Unfortunately, without knowing the music, I can't tell you which Gregorian Chant it's based off of, and even then I probably wouldn't know without some serious research.

It is probably not related to the Vaughn-Williams piece. VW's fantasia is based off of a choral piece by Thomas Tallis, not a Gregorian Chant.


----------



## science (Oct 14, 2010)

jmayzer said:


> hello everyone,
> 
> i have recently discovered the rhapsodie on a theme of a gregorian easter chant, op. 10 by marcel grandjany. it's a beautiful, haunting piece of music, but i'm wondering if anyone knows WHICH gregorian chant this piece is based off of? is it as closely tied as vaughan williams' fantasia is to the tallis piece he based it? just curious.
> 
> cheers


What album is it on?


----------



## jmayzer (Dec 10, 2015)

violadude said:


> Unfortunately, without knowing the music, I can't tell you which Gregorian Chant it's based off of, and even then I probably wouldn't know without some serious research.
> 
> It is probably not related to the Vaughn-Williams piece. VW's fantasia is based off of a choral piece by Thomas Tallis, not a Gregorian Chant.

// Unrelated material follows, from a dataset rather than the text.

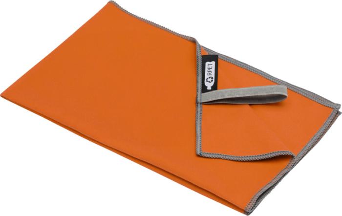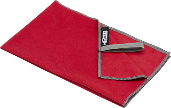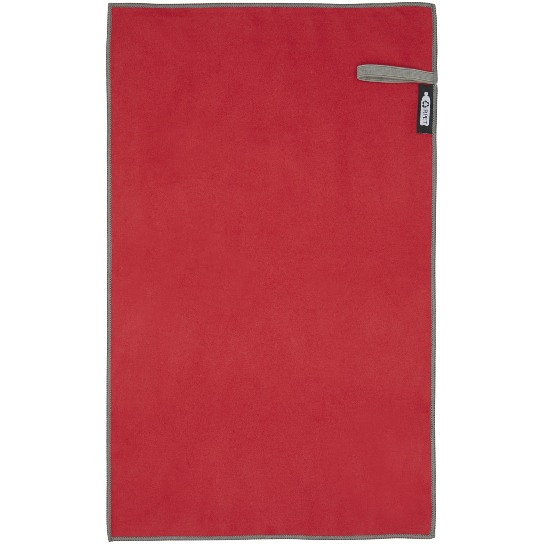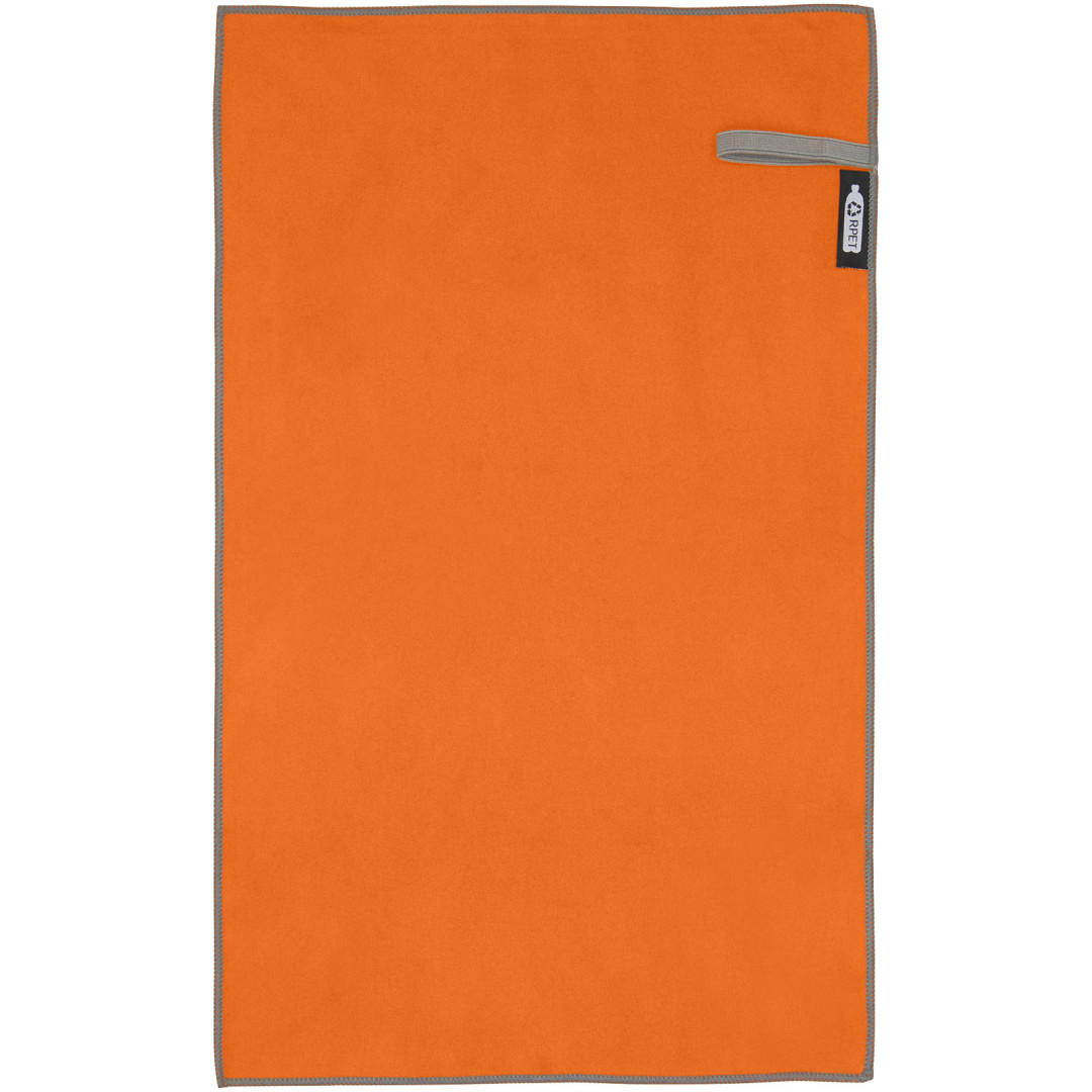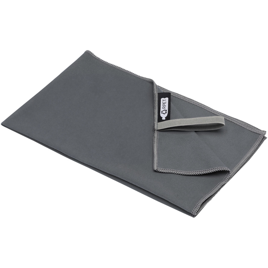 Sportovní ručník Pieter velmi dobře saje, je lehký, rychle schne a tkanina je odolná a extrémně měkká. Když je ručník složený a zajištěný elastickým páskem, je zmenšen na malou velikost, díky čemuž je vhodný pro nošení do posilovny, na koupaliště nebo na výlety nebo kempování. Ručník má rozměr 50 × 30 cm a je vyroben z 90% GRS recyklovaného polyesteru a 10% nylonu a lze jej prát v pračce na 40 °C. Dodáváno s úložným sáčkem (15,5 × 10 cm) vyrobeným z recyklovaného PET plastu, který poskytuje skvělou plochu pro tisk loga.

forgive the confusion, i didn't mean related to the vaughan williams piece, just in the same style - taking an ancient piece of music and turning it into something a bit modern.

here's a link to piece:


----------



## GreenMamba (Oct 14, 2012)

Salva Festa Dies, apparently


----------



## Guest (Dec 11, 2015)

Is this the piece?


----------



## jmayzer (Dec 10, 2015)

GreenMamba said:


> Salva Festa Dies, apparently


yes thats it! thank you!! how did you know? or did you need to do research?


----------



## GreenMamba (Oct 14, 2012)

jmayzer said:


> yes thats it! thank you!! how did you know? or did you need to do research?


Mostly googling, then I listened carefully to both works.


----------



## Pugg (Aug 8, 2014)

GreenMamba said:


> Mostly googling, then I listened carefully to both works.


If half op O.P s did that by themself :lol:


----------